Underwood discovered that he is 26% Caucasian (mainly French, Swiss, and German) and 74% African (primarily from the Bamoun, Brong, Yoruba, and Igbo tribes).  Apparently that is a pretty standard ratio for African-Americans.  I admit those pie charts always make me a little bit skeptical; it’s just too neat.  Underwood discovered a genetic match with a man named Eric Sonjowoh who lives in Cameroon and is apparently a 10th cousin.  The “or so” that should have been attached to that relationship prediction, was not shown.

Thus Blair Underwood and his father went to Cameroon.  The show made a big deal about “going home” yet it is unclear to me that this was home.  Yes, 27% of his DNA matched the Bamoun people of Cameroon, but 47% matched people who are from tribes found primarily in Nigeria and Ghana.  There are likely thousands of genetic matches for Blair Underwood all over Western Africa (and also probably in Cape Verde, Brazil, the West Indies, and other places where the slave trade was rampant), what made Cameroon “home” was that a distantly-related Cameroonian kindly donated his DNA to Ancestry’s registry.
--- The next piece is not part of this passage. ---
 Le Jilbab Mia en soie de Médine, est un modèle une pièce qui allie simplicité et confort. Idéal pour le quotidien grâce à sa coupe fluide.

I got that sense that Eric Sonjowoh was a little uncomfortable by the whole experience.  Perhaps it was the cameras.  I can’t related what was in his head, but his body language suggested unease at meeting his new “family” who, for their part, treated him like a long-lost cousin.  There was a celebration with unexplained rituals, and then Underwood father and son went home.

~*~*~*~*~*~*~

I am no expert at genetic genealogy.  If you are interested, I would suggest going to one of the websites of one of the companies I mentioned above or better yet, The Genetic Genealogist.  Having tested my DNA, I have been underwhelmed thus far with the results.  It is expensive and overly technical, especially for the novice.  Moreover, the cheaper tests tell you almost nothing, which means to get any kind of definitive information you have to keep spending.  In fairness though, genetic genealogy is a relatively new frontier bound to be full of fits and starts.  As it gets more popular, as more people get tested, and as more companies get involved, I imagine that there will be more benefit.
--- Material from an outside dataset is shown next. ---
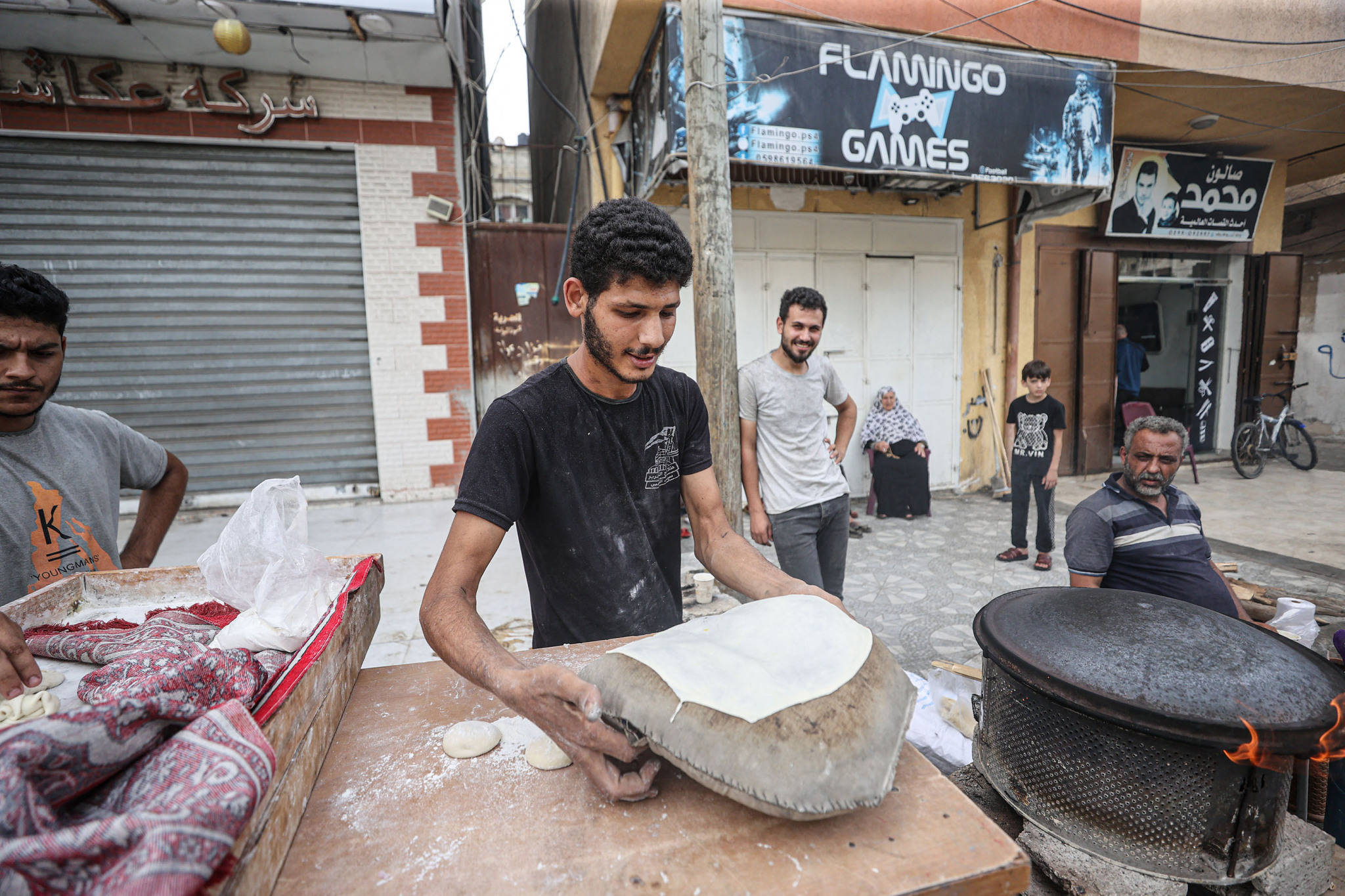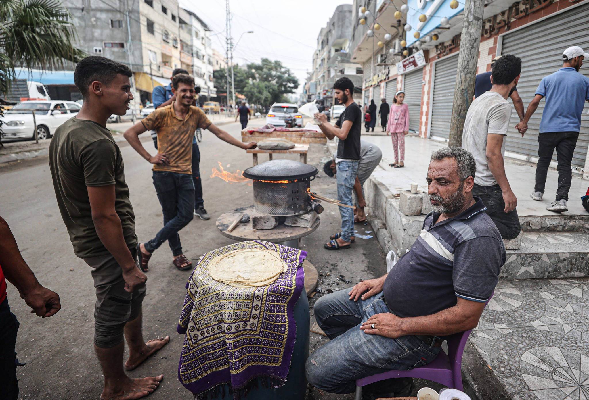 当地时间2023年10月29日,加沙地带,几位居民正在用柴火在金属片上烤面包。澎湃影像 图

I bring this up because the show, despite the massive product placement, was actually very skimpy on the details of the testing.  If you are interested in the specifics of how Underwood was tested, start your search here.  It appears that Underwood used Ancestry’s new autosomal DNA test (autosomes are chromosomes that do not determine gender), which Ancestry has not yet released.  Given that Underwood tested himself rather than his father, it is odd that he used an autosomal test; unlike the Y-Chromosome which is inherited only through the father’s direct male line, autosomal DNA is inherited from both parents.  In other words, how did Ancestry distinguish Underwood’s mother’s DNA from his father’s?  Moreover, I was under the impression that beyond 3rd cousins or so it is very difficult to determine relationships using autosomal DNA testing.  Perhaps Ancestry has perfected its testing above what other companies can do, but I got the sense that much vital information was left out for the sake of a sales pitch and a happy ending.  Caveat emptor.

I love Who Do You Think You Are, and the past two weeks have been really strong episodes.  However, this season, and tonight’s episode in particular, have really underscored the reality that we are actually watching a 45-minute advertisement.  As such, harsh truths are smoothed over.  People are not always good, even if they are our ancestors.  DNA tests alone do not establish that a certain city thousands of miles away is home.  Who Do You Think You Are wildly succeeds as intelligent, feel-good television but as good history it leaves much to be desired.  History is often ambiguous, and I wished Ancestry and NBC trusted the show’s audience enough to let them confront that ambiguity.